You may even find yourself doubting yourself or your right to your feelings. Being surrounded by people who tell you your experiences and feelings are not real or right can be another form of abuse. Thus, having a clearer picture of what makes a family or relationship dysfunctional can help you recognize potential manipulation. Moreover, recognizing the signs of harmful dysfunction can support healing from developmental trauma through deeper self-awareness.

As noted in “Is My Family Dysfunctional?” from Mental Health America (MHA), listed below are some signs of unhealthy family dysfunction:

  • Perfectionism
    • Unrealistic expectations make you feel like you will never be good enough
  • Unpredictable behavior
    • Impedes the ability to form trusting relationships
    • Unable to honestly express thoughts and feelings out of fear
  • Conditional love
    • Weaponized for manipulation and control
      • Affection is only given when they want something
      • Love is withheld when their expectations are not met
  • Poor intimacy
    • Lack of emotional depth in relationships
    • No emotional support
  • Impaired communication
    • No space to voice thoughts and feelings
    • Attempts at communication are rife with tension and conflict
    • Difficult conversations or issues are avoided
  • Lack of boundaries
    • Individual identity and autonomy are not respected
      • Intimidation is used to discourage independence or sharing thoughts and feelings
      • Role reversal
        • Forced or expected to parent parents and or siblings

Healing from developmental trauma can begin when you dismantle the misconceptions about what is and is not abuse.
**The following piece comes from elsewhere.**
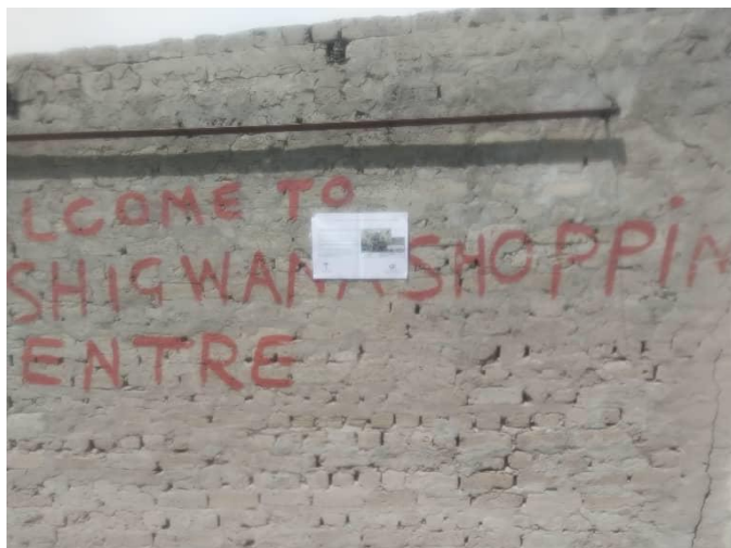
Figure 6: Site Notification – Oshigwana Shopping Centre, Ontananga

The traumas of dysfunctional families can be difficult to recognize when it is all you have ever known. Many forms of abuse have obvious acts and overt acts of abuse, like verbal aggression and physical assaults respectively. Yet, subtle acts of abuse like dismissiveness and patronizing language can be harder to recognize and are easier to manipulate into self-doubt.
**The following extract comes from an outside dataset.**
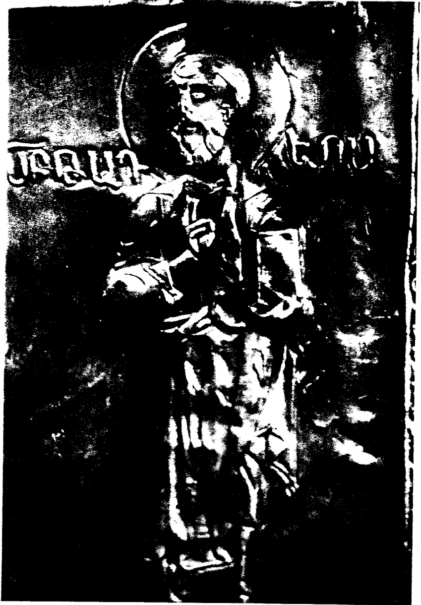
Fig. 7. St. Thaddaeus, reliquary of 1293, Cilicia. St. Petersburg, Hermitage Museum.

Therefore, looking at examples of harmful dysfunctional behavior in your family can help you find your path to healing from developmental trauma. Moreover, seeing how the dysfunctions in your family have harmed you highlights the need for healing from developmental trauma. In particular, your ability to recognize more subtle acts of abuse can help you see how developmental trauma can impede your well-being. When abusive and neglectful behaviors continue to impact your life like your self-esteem and self-worth, healing from developmental trauma becomes especially vital to your long-term well-being.

Recognizing the Need for Healing From Developmental Trauma

Knowing that ACEs have a significant impact on the well-being of children is not surprising. The consequences of development trauma can have a wide range of effects on a child’s life. Whether it is difficulties with school performance, substance misuse, or legal issues among many others, ACEs can impede children’s long-term well-being and the quality of their lives. However, the consequences of ACEs not only impact children living through those traumatic experiences but can continue to impact children into adulthood.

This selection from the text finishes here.